Synthesis, in vitro evaluation and molecular docking studies of thiazole derivatives as new inhibitors of α-glucosidase

• Published in: Bioorganic Chemistry
• Main Author: Rahim F.; Ullah H.; Javid M.T.; Wadood A.; Taha M.; Ashraf M.; Shaukat A.; Junaid M.; Hussain S.; Rehman W.; Mehmood R.; Sajid M.; Khan M.N.; Khan K.M.
• Format: Article
• Language: English
• Published: Academic Press Inc. 2015
• Online Access: https://www.scopus.com/inward/record.uri?eid=2-s2.0-84935492350&doi=10.1016%2fj.bioorg.2015.06.006&partnerID=40&md5=28062b694b741d707e1fda11bd617d5d

A series of thiazole derivatives 1-21 were prepared, characterized by EI-MS and 1H NMR and evaluated for α-glucosidase inhibitory potential.
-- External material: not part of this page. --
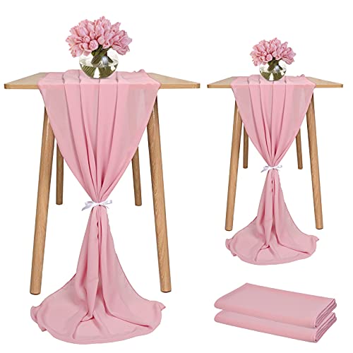 Showgeous 2 st Chiffong Bordslöpare 28x120 Inches Romantisk Bröllopslöpare 10ft Dammig Rose Skir Chiffong Bordsöverdrag Sminkbordslöpare för bröllop Födelsedagsfest Bröllopsdekorationer Baby Shower

All twenty one derivatives showed good α-glucosidase inhibitory activity with IC50 value ranging between 18.23 ± 0.03 and 424.41 ± 0.94 μM when compared with the standard acarbose (IC50, 38.25 ± 0.12 μM). Compound (8) (IC50, 18.23 ± 0.03 μM) and compound (7) (IC50 = 36.75 ± 0.05 μM) exhibited outstanding inhibitory potential much better than the standard acarbose (IC50, 38.25 ± 0.12 μM). All other analogs also showed good to moderate enzyme inhibition. Molecular docking studies were carried out in order to find the binding affinity of thiazole derivatives with enzyme. Studies showed these thiazole analogs as a new class of α-glucosidase inhibitors. © 2015 Published by Elsevier Inc.